I recently came across this question and honestly am pretty unsure of how to solve it, or even begin to develop an algorithm to properly solve it..

The question is:

"An array of $n$ integers is correctly positioned with respect to an integer $k$ if for any $k$ consecutive indices in the array, there does not exist values at two indices, $x$ and $y$ such that $x \geq 2$ * $y$ (where $x$ and $y$ are values at 2 indices of the array in a subarray of size $k$). What is an $O(n \log k)$ algorithm to determine if an array is correctly positioned?"

For example: $[5, 6, 7, 4, 5, 9]$ is not correctly positioned if $k = 4$ since in in the interval $[7, 4, 5, 9]$ we have that $9 \geq 4 * 2$.

My thought is to check all potential subintervals like $[0..k]$, $[1..k+1]$, $[2,..k+2]$ using a min-heap but I really can't think that would satisfy the time constraint since it's resulting in building far too many heaps.

Does anyone know how to approach this problem, or have a solution for it?

Having trouble figuring out how to keep track of this sliding window using heaps, and thinking maybe I have to use a min-heap and max-heap? And compare the max to the min for every subinterval using insertions and deletions?

Answer 1

Despite common belief, maintaining the maximum (or minimum) element out of the last $k$ elements does not involve a $O(\log k)$ factor, and can be done in amortized $O(1)$. Using this twice (once for max and once for min) you can solve your problem in $O(n)$.

The trick is done using a monotonic double-ended queue, one where all the elements are either in descending or ascending order. Furthermore, for each element we keep track of the index we encountered it, so we can invalidate it from the queue.
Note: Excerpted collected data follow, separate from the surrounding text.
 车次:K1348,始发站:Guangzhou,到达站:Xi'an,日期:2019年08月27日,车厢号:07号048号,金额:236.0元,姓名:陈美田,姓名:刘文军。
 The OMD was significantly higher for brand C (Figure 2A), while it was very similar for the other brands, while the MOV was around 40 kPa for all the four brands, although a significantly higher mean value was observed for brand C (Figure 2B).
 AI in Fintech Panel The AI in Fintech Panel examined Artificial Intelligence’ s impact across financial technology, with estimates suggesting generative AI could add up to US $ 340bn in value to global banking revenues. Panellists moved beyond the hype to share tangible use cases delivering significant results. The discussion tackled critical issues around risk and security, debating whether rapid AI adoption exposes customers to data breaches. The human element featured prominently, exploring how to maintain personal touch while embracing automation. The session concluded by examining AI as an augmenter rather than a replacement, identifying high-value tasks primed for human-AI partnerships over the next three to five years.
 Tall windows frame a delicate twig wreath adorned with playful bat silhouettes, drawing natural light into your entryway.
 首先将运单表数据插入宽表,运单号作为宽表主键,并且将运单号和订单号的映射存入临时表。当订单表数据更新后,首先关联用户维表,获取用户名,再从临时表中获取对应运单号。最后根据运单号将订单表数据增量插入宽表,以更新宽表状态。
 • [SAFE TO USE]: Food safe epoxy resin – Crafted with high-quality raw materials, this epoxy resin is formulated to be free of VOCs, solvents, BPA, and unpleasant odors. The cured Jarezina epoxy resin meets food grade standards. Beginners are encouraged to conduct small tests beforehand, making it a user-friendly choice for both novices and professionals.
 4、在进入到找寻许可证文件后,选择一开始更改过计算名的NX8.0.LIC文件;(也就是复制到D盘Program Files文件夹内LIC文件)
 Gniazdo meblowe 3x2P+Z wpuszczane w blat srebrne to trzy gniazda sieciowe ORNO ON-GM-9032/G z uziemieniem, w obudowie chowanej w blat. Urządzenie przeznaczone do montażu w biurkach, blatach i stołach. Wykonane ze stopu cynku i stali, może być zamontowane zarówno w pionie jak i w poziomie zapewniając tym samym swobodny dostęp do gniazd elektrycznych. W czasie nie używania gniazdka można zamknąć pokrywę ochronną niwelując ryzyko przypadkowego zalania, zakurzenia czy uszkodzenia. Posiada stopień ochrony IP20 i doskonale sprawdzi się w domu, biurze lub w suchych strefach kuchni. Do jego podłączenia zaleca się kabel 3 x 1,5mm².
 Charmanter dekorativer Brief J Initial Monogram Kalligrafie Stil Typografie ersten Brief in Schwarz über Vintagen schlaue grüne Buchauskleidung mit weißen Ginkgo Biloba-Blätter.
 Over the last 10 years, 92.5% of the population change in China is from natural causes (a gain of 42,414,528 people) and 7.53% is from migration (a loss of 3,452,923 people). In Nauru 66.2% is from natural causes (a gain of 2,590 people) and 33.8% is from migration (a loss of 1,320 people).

Suppose that we iterate over elements in a stream, and wish to maintain the minimum value (the maximum is analogous). Let's call the current value $x$ and the current index $i$. We first initialize an empty double-ended queue $Q$ and start iterating:

1. Remove all elements from the queue that would be made irrelevant by $x$. Since we know our queue is in ascending order, this is very simple, we keep removing elements from the back that are bigger than $x$. They are now irrelevant for the window, as $x$ is newer and smaller.
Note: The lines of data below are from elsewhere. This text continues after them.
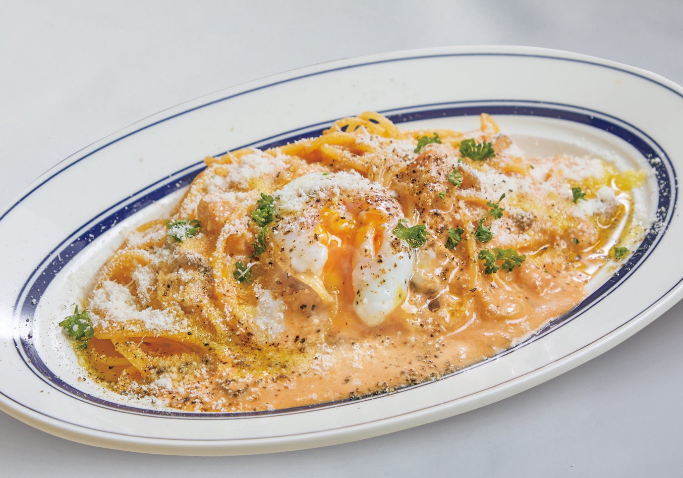 ・銘柄玉子と塩漬けバラ肉のカルボナーラ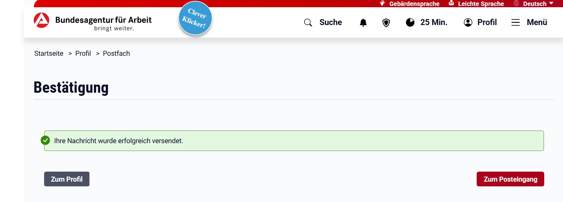 4. Sie haben Ihre Nachricht erfolgreich an das Jobcenter übermittelt und können diese jederzeit im Leistungspostfach einsehen.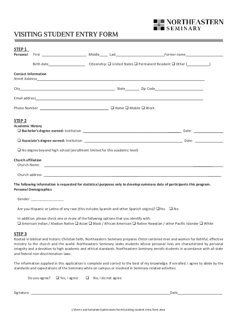 VISITING STUDENT ENTRY FORM STEP 1 PersonalFirstMiddleBirth dateCitizenship:Platformer reunited StatesPermanent ResidentOther ()Contact Information Street Address CityStateZip Voicemail address Phone

   while not empty(Q) and peek_back(Q).value > x:
       pop_back(Q)
   

2. Add $x$ to the back of the queue, but keep track of its index as well.

   push_back(Q, value=x, index=i)
   

3. Invalidate old items in the queue. We only have to do this if the item is in the front of the queue, otherwise its harmless (this lazy removal is what allows us to keep $O(1)$ time).
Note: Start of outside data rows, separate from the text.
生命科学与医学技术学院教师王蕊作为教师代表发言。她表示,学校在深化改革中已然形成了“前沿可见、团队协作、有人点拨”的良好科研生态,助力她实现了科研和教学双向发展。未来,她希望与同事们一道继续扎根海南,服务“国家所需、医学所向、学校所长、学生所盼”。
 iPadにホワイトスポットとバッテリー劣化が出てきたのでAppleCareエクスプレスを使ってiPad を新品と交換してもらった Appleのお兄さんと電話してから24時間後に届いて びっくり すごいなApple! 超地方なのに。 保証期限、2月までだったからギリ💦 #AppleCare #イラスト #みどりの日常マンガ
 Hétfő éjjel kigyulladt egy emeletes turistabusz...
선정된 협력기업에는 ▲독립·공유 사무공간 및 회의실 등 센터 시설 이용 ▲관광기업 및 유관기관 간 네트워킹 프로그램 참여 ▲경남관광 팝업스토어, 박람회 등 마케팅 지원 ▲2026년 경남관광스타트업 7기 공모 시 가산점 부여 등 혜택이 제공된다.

   while peek_front(Q).index <= i - window_size:
       pop_front(Q)
   

4. Now peek_front(Q) contains the smallest element in our window, so we can use it and then keep iterating.

Note that steps #2 and #4 are $O(1)$ time, and steps #1 and #3 are $O(r)$ time where $r$ is the number of removed elements from the queue. However since each element is only added once to the queue, the $O(r)$ steps must be amortized $O(1)$.